[Records from a dataset]
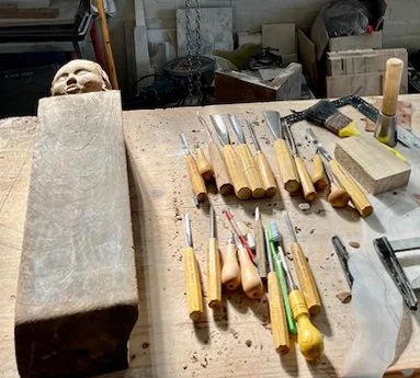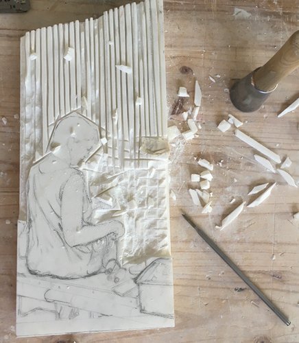 ‘Youth’ series : a current more introspective collection of relief work and hand engraved ‘drawings’ on marble, follow from her solo show ‘Motherships’, where the implication of an uncertain environmental future makes for an unsettling world particularly for young people. Her series explores the beautiful vulnerability of youth as they evolve into the adult world and its strictures. The collection was begun at the outbreak of the war in Ukraine, where young conscripts face tremendous personal challenges in a world not of their choosing.
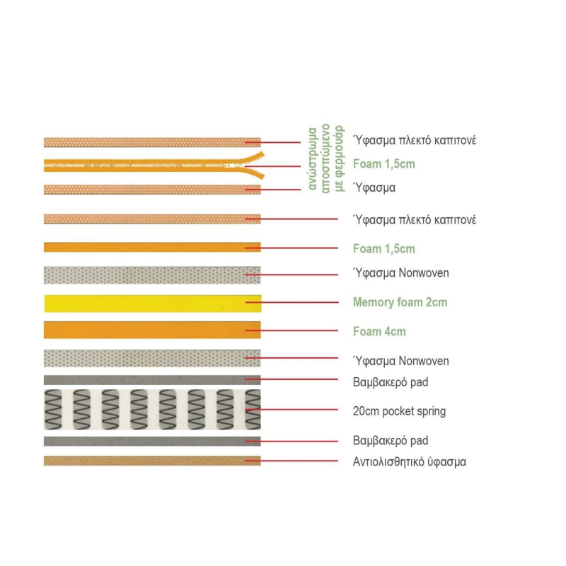 ΣΤΡΩΜΑ Ανώστρωμα Αφαιρούμενο Memory Foam, Pocket Spring, Μονής όψης (4)
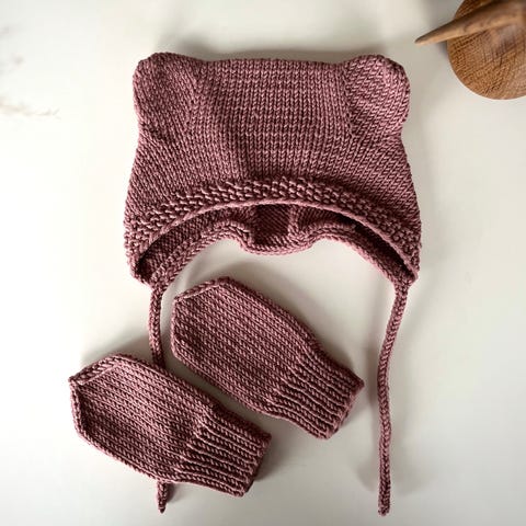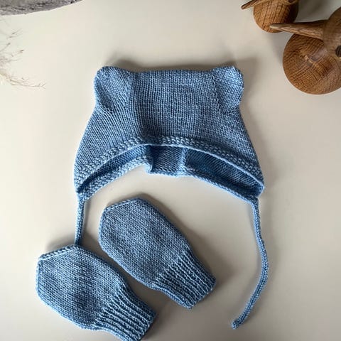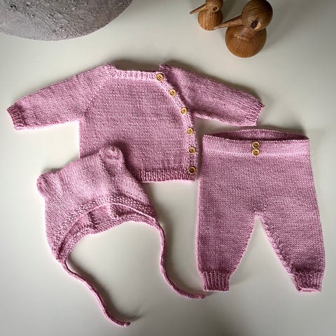 Hentesett babystrikk baby strikkeplagg hjemmestrikk lillebjørn lue
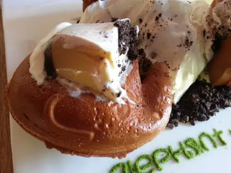 鬆餅的厚度非常的令人滿意,重點是皮脆內Q彈,甜度帶出了鬆餅的雞蛋香氣,真的是歐~伊~西~捏~
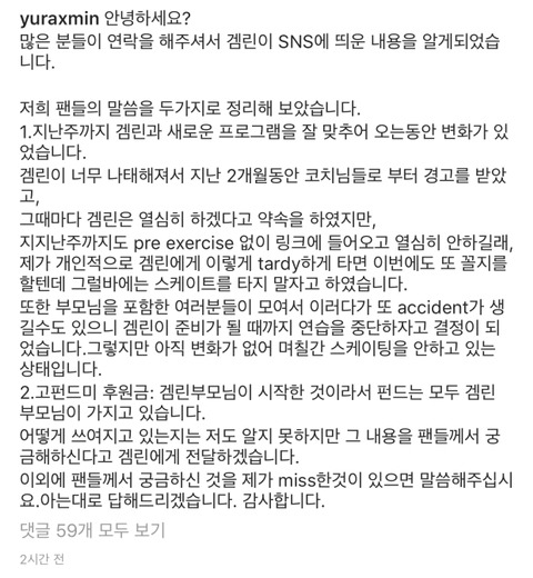 근데 알고보니까 모금은 겜린 부모님이 시작한거;; 어떻게 쓰여지고 있는지도 모름;; 근데 팀 해체된다뇨;; 그 돈은 어디로 감? (아래 민유라선수 인스타 참고)
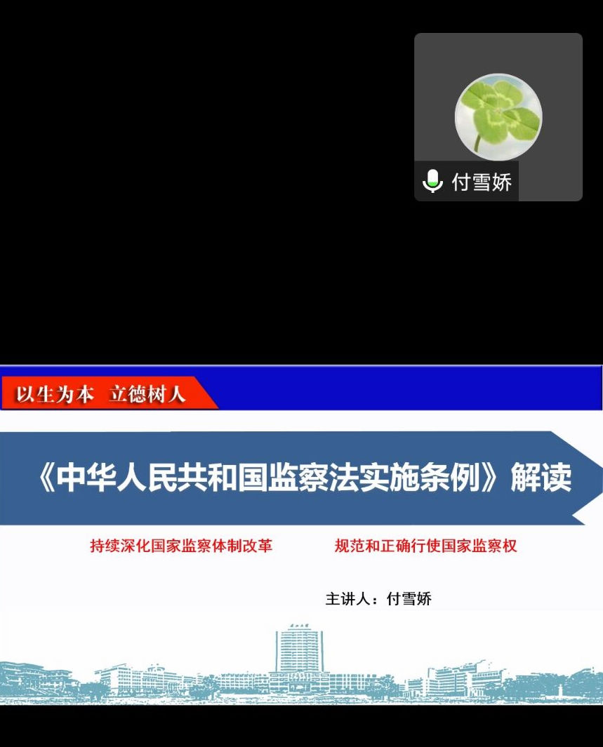 此次学习会使得同学们对《中华人民共和国监察法》、《中华人民共和国公职人员政务处分法》有了较为明确的认知,增强了员工们遵纪守法的观念。必将对优化学校环境,建设平安和谐校园,促进学校思想道德建设,提高公司产品质量,起到积极的推动作用。
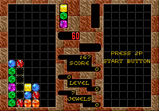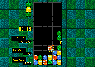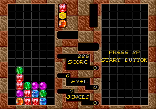 This patch is designed to randomize gem colors in Columns for an extra challenge.How it works:Gem colors are randomized across all modes with a total possibility of 18 different sets of colors. Colors reset when returning to the title screen.Included - Hi-Score SRAM:Saving:Scores save after Initials are entered. Loading:Scores load upon boot. If checksum fails or it is your first time booting, default scores are loaded.
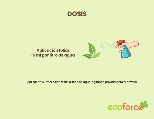 Aplicación recomendada: Cada 15 días, 2 tratamientos mínimo. Aplicar al atardecer o amanecer. Evitar altas temperaturas.
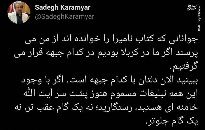 به گزارش مشرق، صادق کامیار، نویسنده در توییتر نوشت: جوانانی که کتاب نامیرا را خوانده اند از من می پرسند اگر ما در کربلا بودیم در کدام جبهه قرار می گرفتیم.
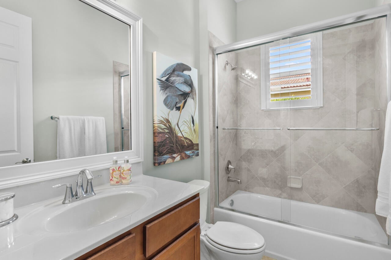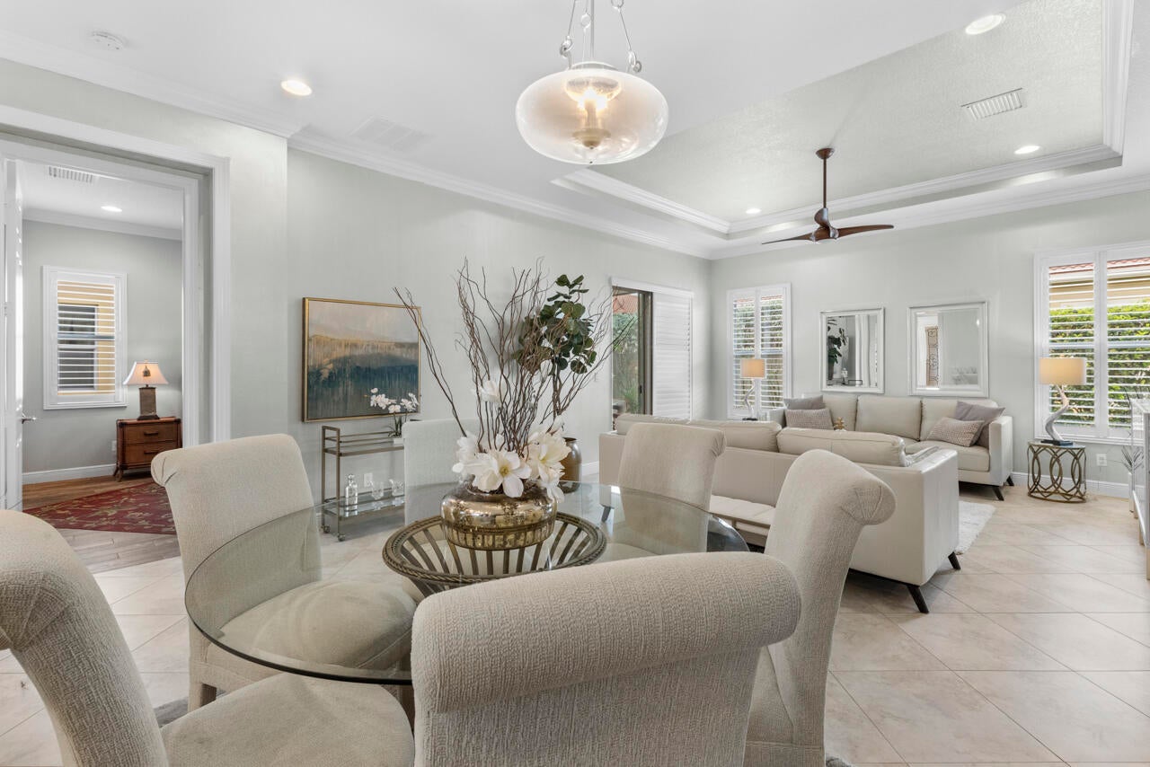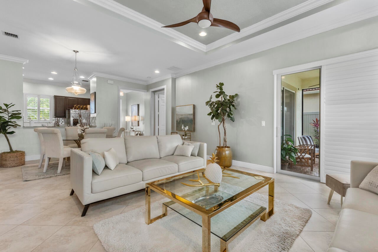 Experience luxury living in the prestigious PGA Verano community in St. Lucie West. This stunning 2-bedroom, 2-bathroom home with a 2-car garage features high ceilings with crown molding, impact windows, plantation shutters, and tiled floors throughout. The open-concept living space includes a gourmet kitchen with beautiful cabinetry, granite countertops, stainless steel appliances, and a pantry. The spacious master suite offers patio access, a walk-in closet, dual vanities, and a soaking tub. Relax or entertain on the screened patio with a stylish paver deck.
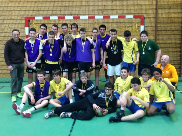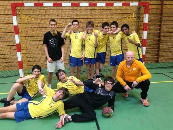 Composition de l'équipe : WALTI Lucas 6E, BERTRAND Matthieu 5D, BERTRAND Nicolas 6D, SULEJMANI Eldian 5D, STACH Benjamin 5C, THEPAUT-WIMMER Augustin 6D, AMBIEHL Brice 5E.
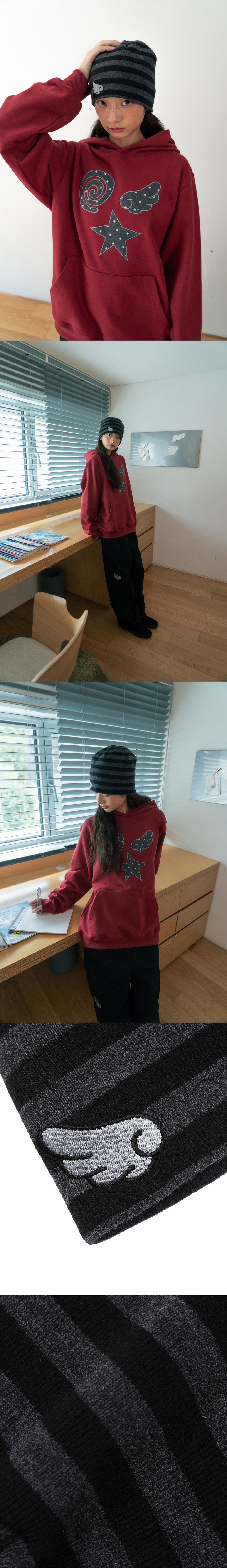 바우프 엔젤 윙 비니 스트라이프 블랙
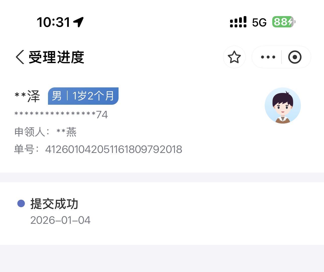 | 留言内容 | 本人住址:河南省驻马店市驿城区东风街道办事处周庄村委 本人于2026年1月4日提交育儿补贴申请,截至2026年3月6日已远超政策规定的30个工作日审核时限,至今仍未审批。此前反映问题后又等待一周,仍无结果。恳请相关部门尽快核查、加快审批流程,及时给予明确答复。
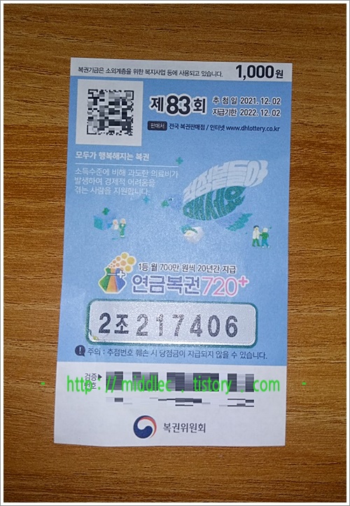 '연금복권 83회 당첨번호' 결과 확인 포스트 : https://middlec.tistory.com/3425
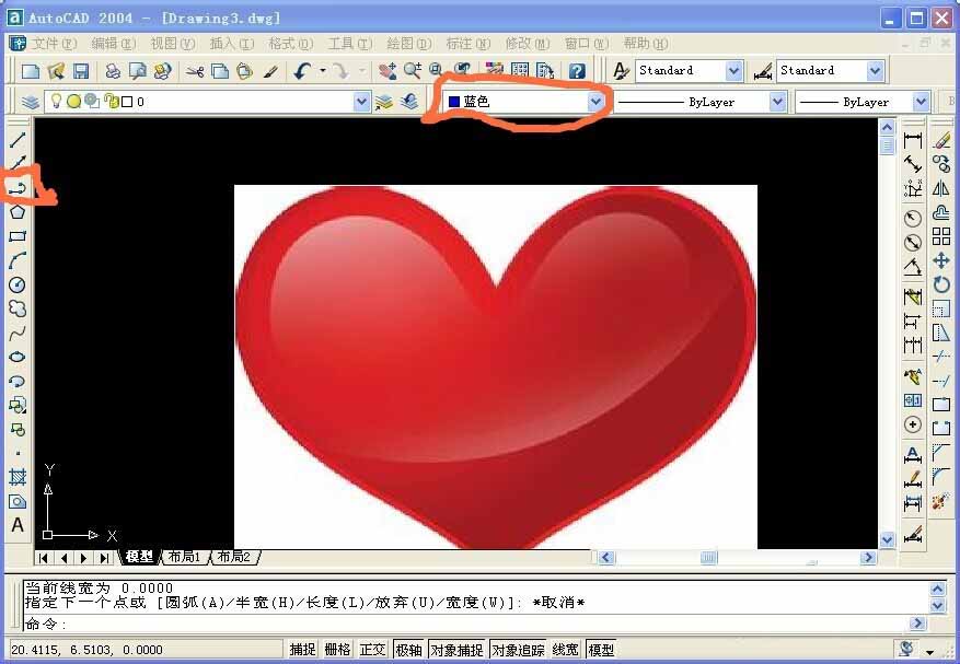5、拖動鼠標放大后,選取一種顏色方便辨認,然后點“多段線”鼠標移到心形圖片的邊任意一點開始描畫
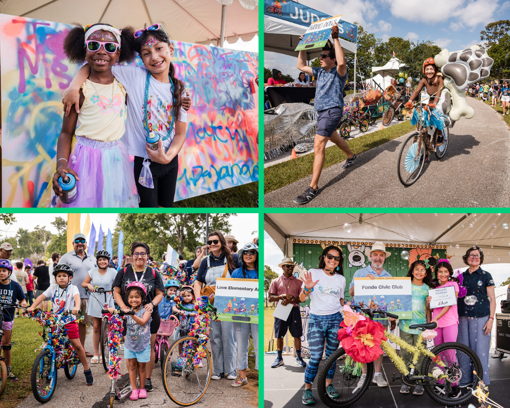 | What a day at Fonde Park for the 4th Annual Houston Art Bike Parade & Festival. Hosted by the Houston Parks Board and the Orange Show Center for Visionary Art, the event welcomed nearly 600 guests for an unforgettable afternoon of creativity, color, and community fun. More than 40 wildly imaginative art bikes rolled down the parade route—each one showcasing the artist in all of us. From bikes bursting with school spirit to clever sustainability themes, the talent on display was truly inspiring. A big shoutout to the amazing volunteers and vendors who helped bring this event to life—you are the heartbeat of what makes moments like this possible. 🎉 Congratulations to the 2025 Art Bike Award Winners! - You Call That School Spirit? – James Madison High School

[What is being asked] Produce a verbatim copy of all records, minus pictures.

[Written reply]
 ‘Youth’ series : a current more introspective collection of relief work and hand engraved ‘drawings’ on marble, follow from her solo show ‘Motherships’, where the implication of an uncertain environmental future makes for an unsettling world particularly for young people. Her series explores the beautiful vulnerability of youth as they evolve into the adult world and its strictures. The collection was begun at the outbreak of the war in Ukraine, where young conscripts face tremendous personal challenges in a world not of their choosing.
 ΣΤΡΩΜΑ Ανώστρωμα Αφαιρούμενο Memory Foam, Pocket Spring, Μονής όψης (4)
 Hentesett babystrikk baby strikkeplagg hjemmestrikk lillebjørn lue
 鬆餅的厚度非常的令人滿意,重點是皮脆內Q彈,甜度帶出了鬆餅的雞蛋香氣,真的是歐~伊~西~捏~
 근데 알고보니까 모금은 겜린 부모님이 시작한거;; 어떻게 쓰여지고 있는지도 모름;; 근데 팀 해체된다뇨;; 그 돈은 어디로 감? (아래 민유라선수 인스타 참고)
 此次学习会使得同学们对《中华人民共和国监察法》、《中华人民共和国公职人员政务处分法》有了较为明确的认知,增强了员工们遵纪守法的观念。必将对优化学校环境,建设平安和谐校园,促进学校思想道德建设,提高公司产品质量,起到积极的推动作用。
 This patch is designed to randomize gem colors in Columns for an extra challenge.How it works:Gem colors are randomized across all modes with a total possibility of 18 different sets of colors. Colors reset when returning to the title screen.Included - Hi-Score SRAM:Saving:Scores save after Initials are entered. Loading:Scores load upon boot. If checksum fails or it is your first time booting, default scores are loaded.
 Aplicación recomendada: Cada 15 días, 2 tratamientos mínimo. Aplicar al atardecer o amanecer. Evitar altas temperaturas.
 به گزارش مشرق، صادق کامیار، نویسنده در توییتر نوشت: جوانانی که کتاب نامیرا را خوانده اند از من می پرسند اگر ما در کربلا بودیم در کدام جبهه قرار می گرفتیم.
 Experience luxury living in the prestigious PGA Verano community in St. Lucie West. This stunning 2-bedroom, 2-bathroom home with a 2-car garage features high ceilings with crown molding, impact windows, plantation shutters, and tiled floors throughout. The open-concept living space includes a gourmet kitchen with beautiful cabinetry, granite countertops, stainless steel appliances, and a pantry. The spacious master suite offers patio access, a walk-in closet, dual vanities, and a soaking tub. Relax or entertain on the screened patio with a stylish paver deck.
 Composition de l'équipe : WALTI Lucas 6E, BERTRAND Matthieu 5D, BERTRAND Nicolas 6D, SULEJMANI Eldian 5D, STACH Benjamin 5C, THEPAUT-WIMMER Augustin 6D, AMBIEHL Brice 5E.
 바우프 엔젤 윙 비니 스트라이프 블랙
 | 留言内容 | 本人住址:河南省驻马店市驿城区东风街道办事处周庄村委 本人于2026年1月4日提交育儿补贴申请,截至2026年3月6日已远超政策规定的30个工作日审核时限,至今仍未审批。此前反映问题后又等待一周,仍无结果。恳请相关部门尽快核查、加快审批流程,及时给予明确答复。
 '연금복권 83회 당첨번호' 결과 확인 포스트 : https://middlec.tistory.com/3425
5、拖動鼠標放大后,選取一種顏色方便辨認,然后點“多段線”鼠標移到心形圖片的邊任意一點開始描畫
 | What a day at Fonde Park for the 4th Annual Houston Art Bike Parade & Festival. Hosted by the Houston Parks Board and the Orange Show Center for Visionary Art, the event welcomed nearly 600 guests for an unforgettable afternoon of creativity, color, and community fun. More than 40 wildly imaginative art bikes rolled down the parade route—each one showcasing the artist in all of us. From bikes bursting with school spirit to clever sustainability themes, the talent on display was truly inspiring. A big shoutout to the amazing volunteers and vendors who helped bring this event to life—you are the heartbeat of what makes moments like this possible. 🎉 Congratulations to the 2025 Art Bike Award Winners! - You Call That School Spirit? – James Madison High School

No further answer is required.